To do: Transcribe all of the entries below exactly. Leave out the pictures.
*** Task data Section Begins ***
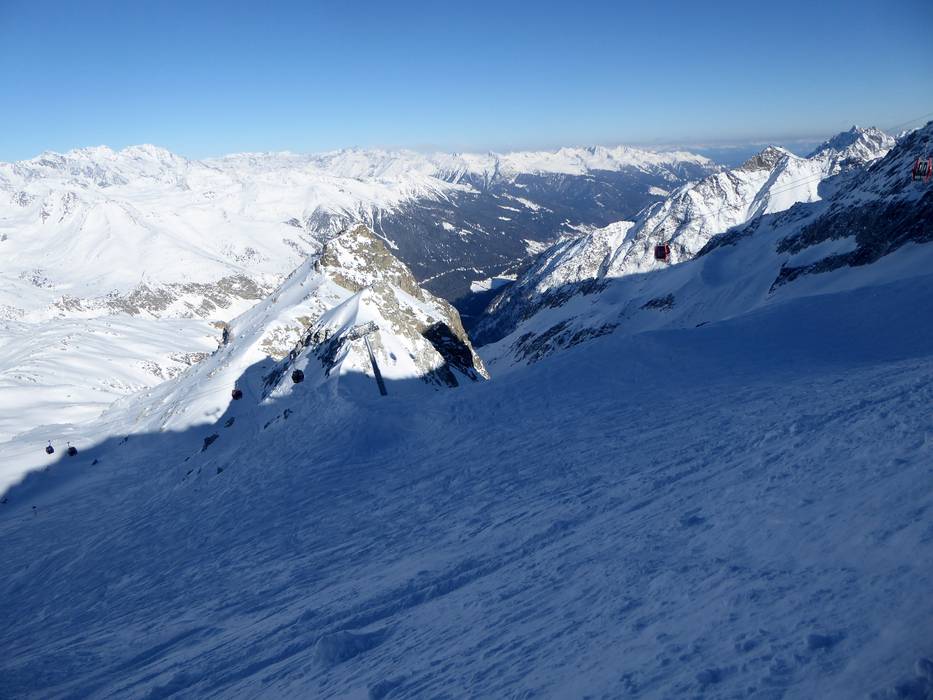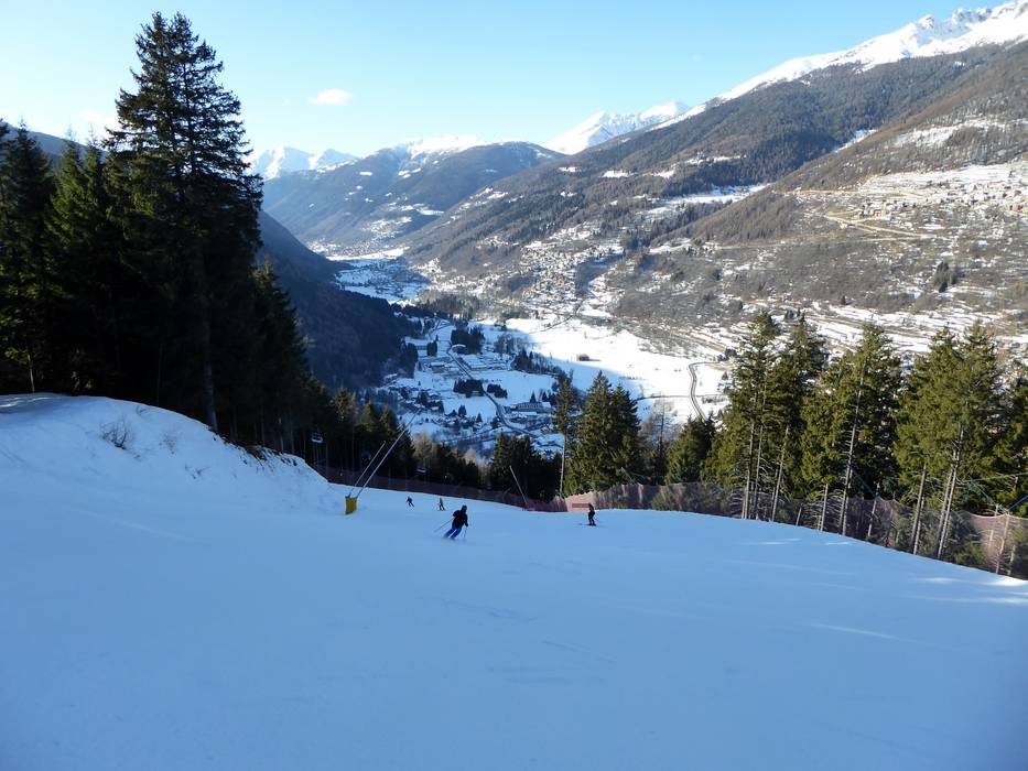 De zwarte piste loopt steil het dal in vanaf de Passo Paradiso. Deze wordt bediend door de gondelbaan Paradiso.
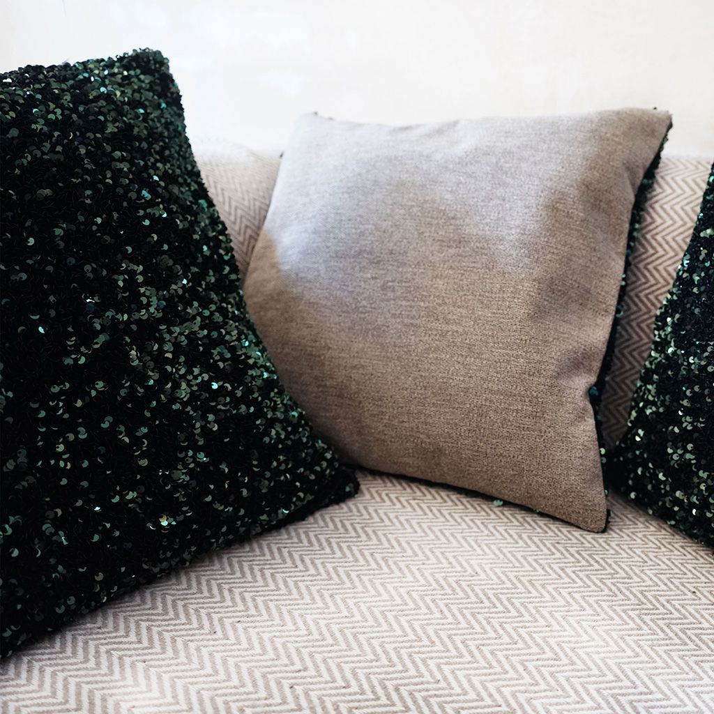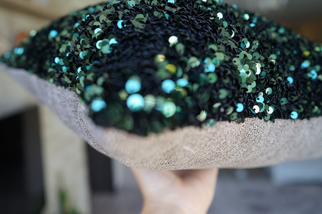 sequins vert sur velours noir et tissu d’ameublement doux gris ou beige sable
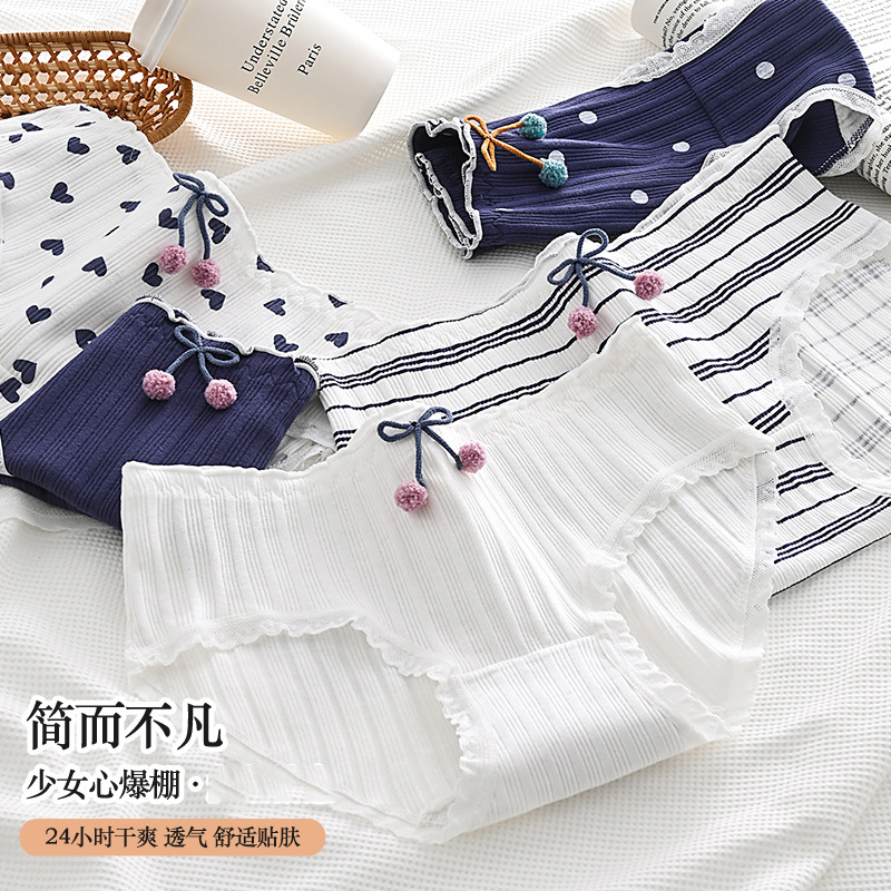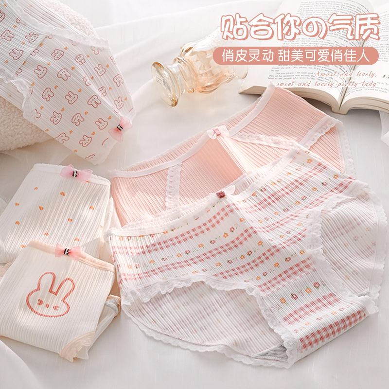 女性の下着女性の甘いプリント夏通気性ミッドウエスト快適な女子学生日本のかわいい三角パンティー
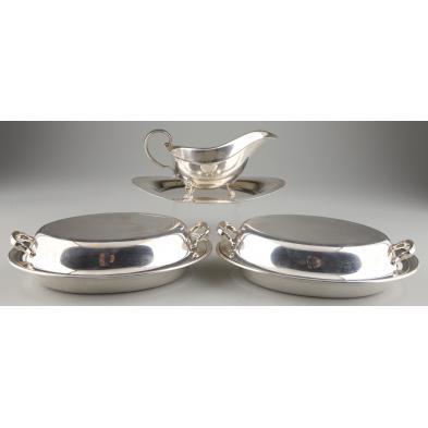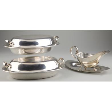 Including a sauce boat and under tray by Frank M. Whiting & Co., pattern # 141 (3.5 x 9 x 5 5/8 in.); and a pair of lidded entree servers by Gorham, pattern # 575 (3 x 10.25 x 7 in.).
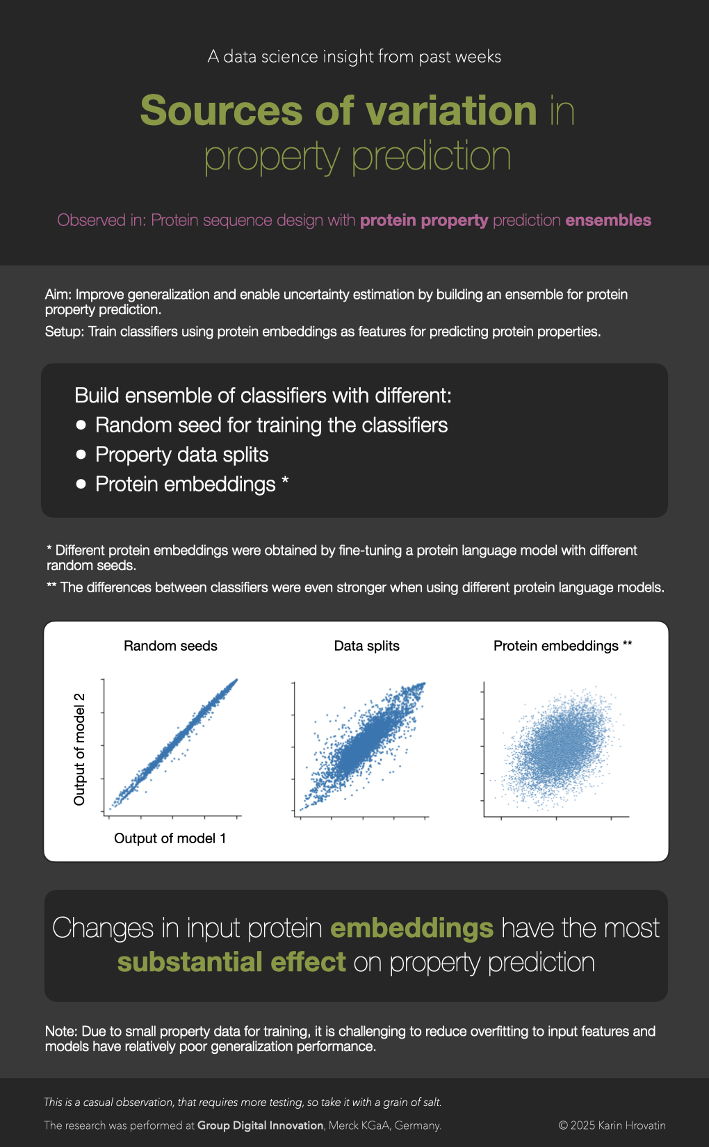 The strongest source of variation in protein property prediction (in a low-data regime) seem to be protein representations, rather than classical ensemble-building techniques (e.g., different random seeds or data splits for training).
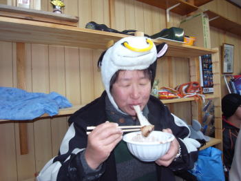 | ダイビング後は、お餅つき! なんだか動物がいっぱいの餅つきです。 |
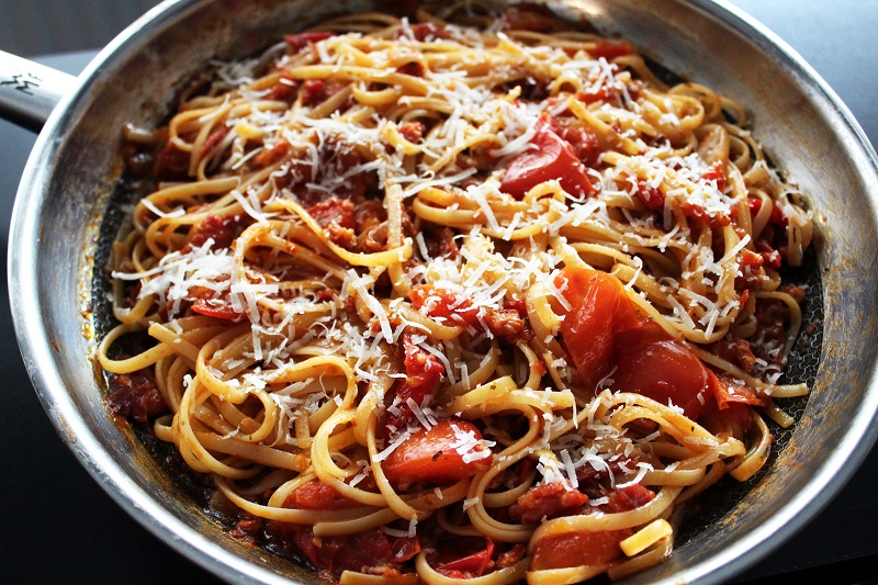 Pasta met chili, bacon en tomaat (Antonio Carluccio)
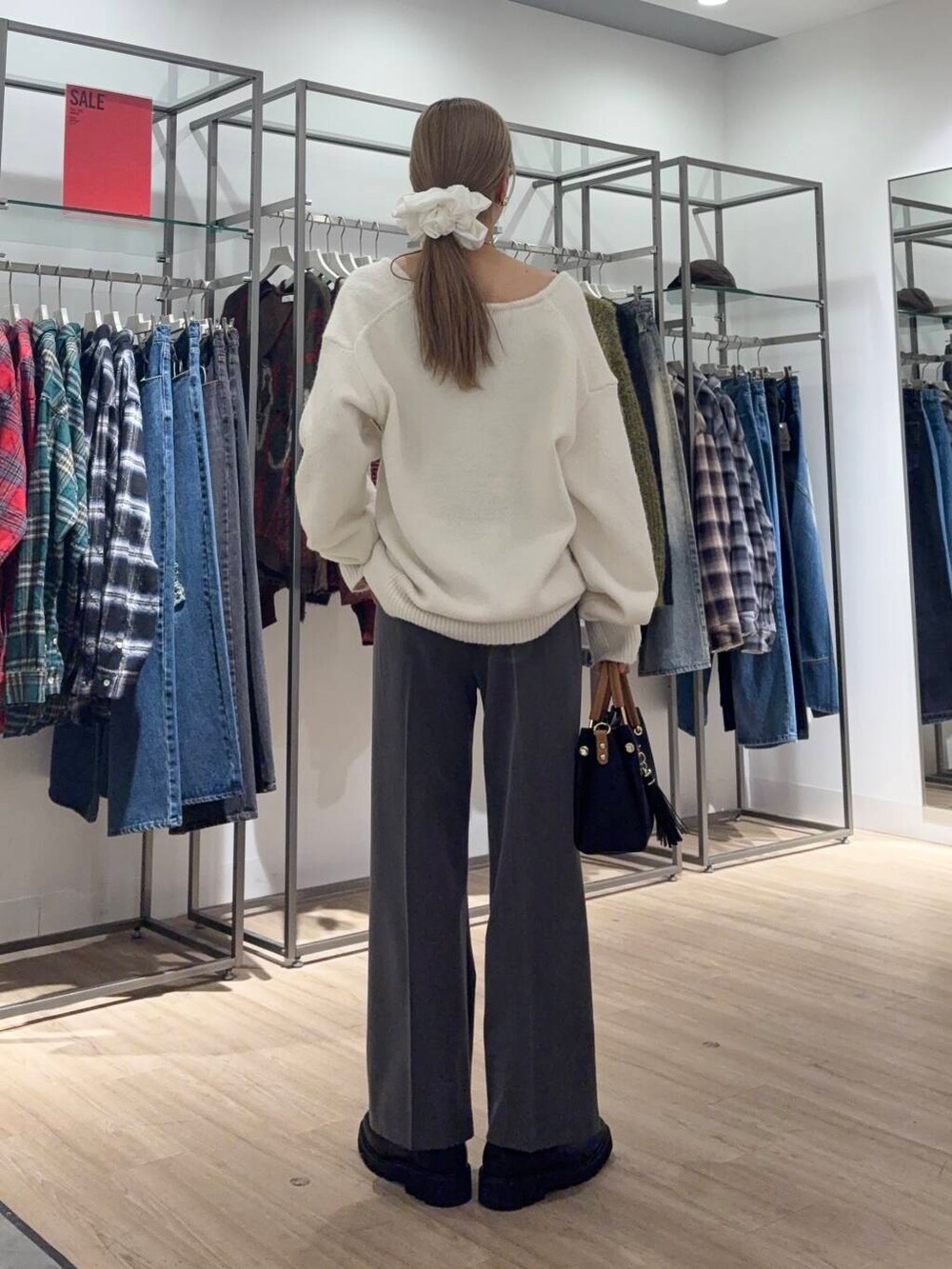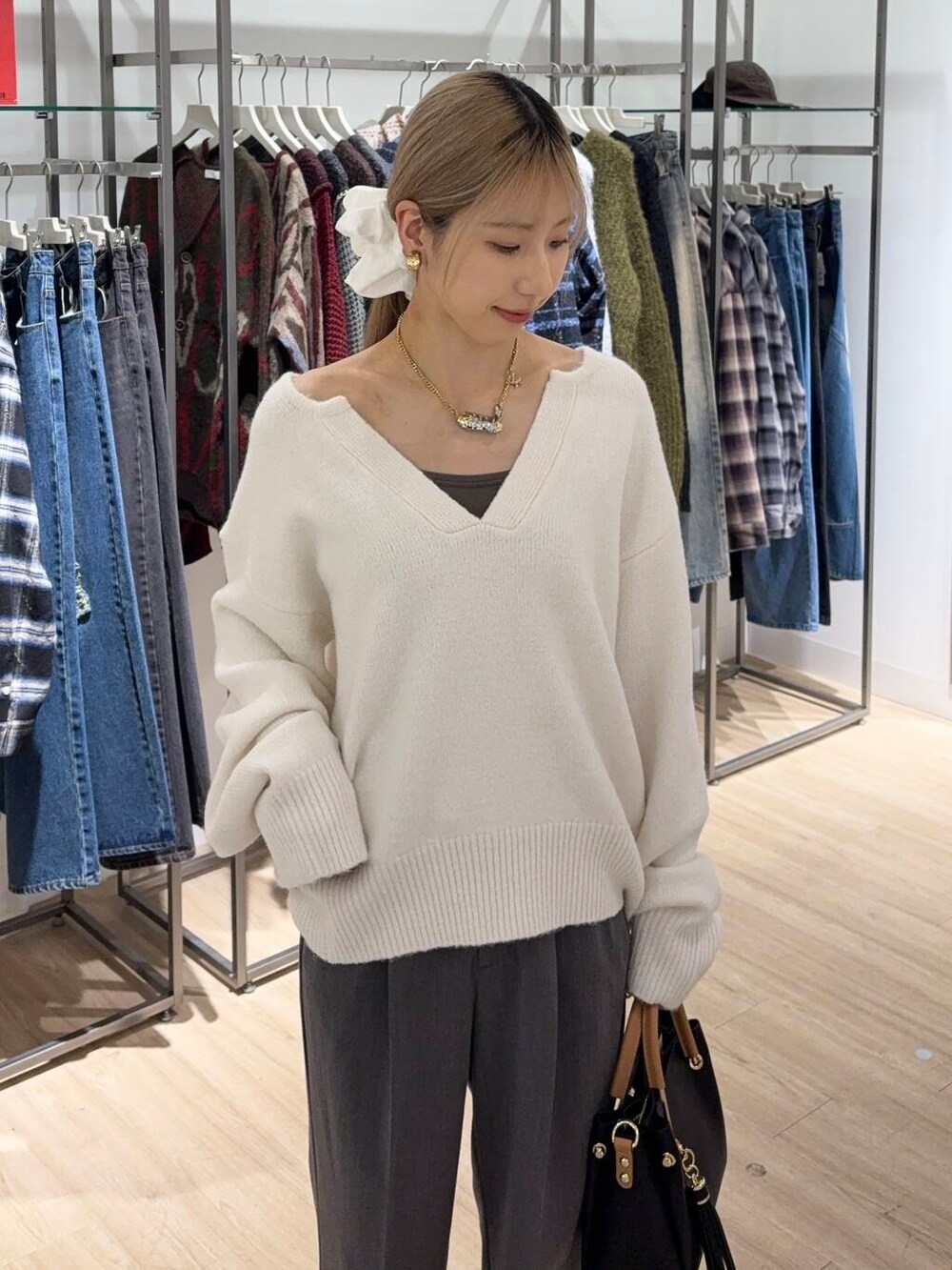 ゆるっと感が可愛いニットは、首元の大きなVネックのデザインがポイントで着るだけでリラックス感が出ます!
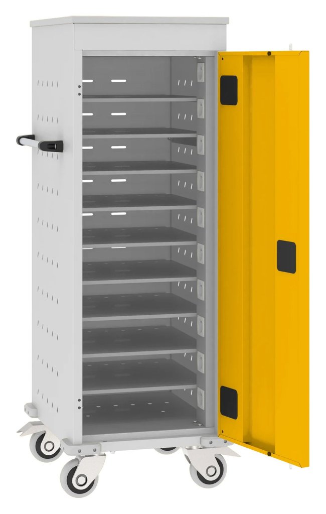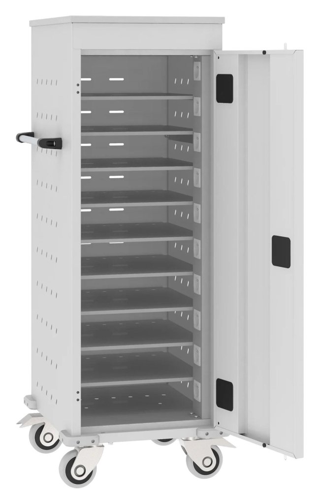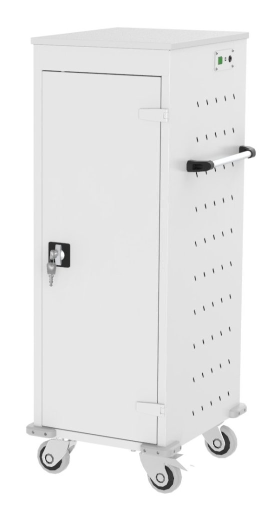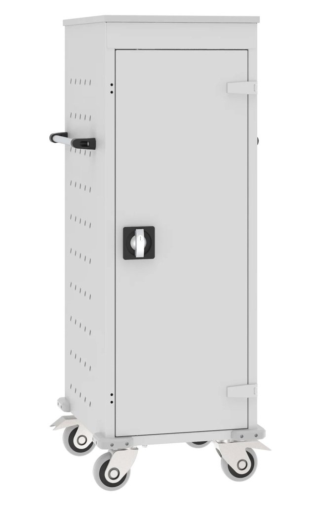 Vozík s funkciou nabíjania batérie na uloženie a jednoduchý transport notebookov. Ideálne pre školy, knižnice, konferenčné haly a iné. Rozmery v mm (V x Š x H) 1250 x 530 x 540.
*** Task data Section Ends ***
Answer to this exercise:
 De zwarte piste loopt steil het dal in vanaf de Passo Paradiso. Deze wordt bediend door de gondelbaan Paradiso.
 sequins vert sur velours noir et tissu d’ameublement doux gris ou beige sable
 女性の下着女性の甘いプリント夏通気性ミッドウエスト快適な女子学生日本のかわいい三角パンティー
 Including a sauce boat and under tray by Frank M. Whiting & Co., pattern # 141 (3.5 x 9 x 5 5/8 in.); and a pair of lidded entree servers by Gorham, pattern # 575 (3 x 10.25 x 7 in.).
 The strongest source of variation in protein property prediction (in a low-data regime) seem to be protein representations, rather than classical ensemble-building techniques (e.g., different random seeds or data splits for training).
 | ダイビング後は、お餅つき! なんだか動物がいっぱいの餅つきです。 |
 Pasta met chili, bacon en tomaat (Antonio Carluccio)
 ゆるっと感が可愛いニットは、首元の大きなVネックのデザインがポイントで着るだけでリラックス感が出ます!
 Vozík s funkciou nabíjania batérie na uloženie a jednoduchý transport notebookov. Ideálne pre školy, knižnice, konferenčné haly a iné. Rozmery v mm (V x Š x H) 1250 x 530 x 540.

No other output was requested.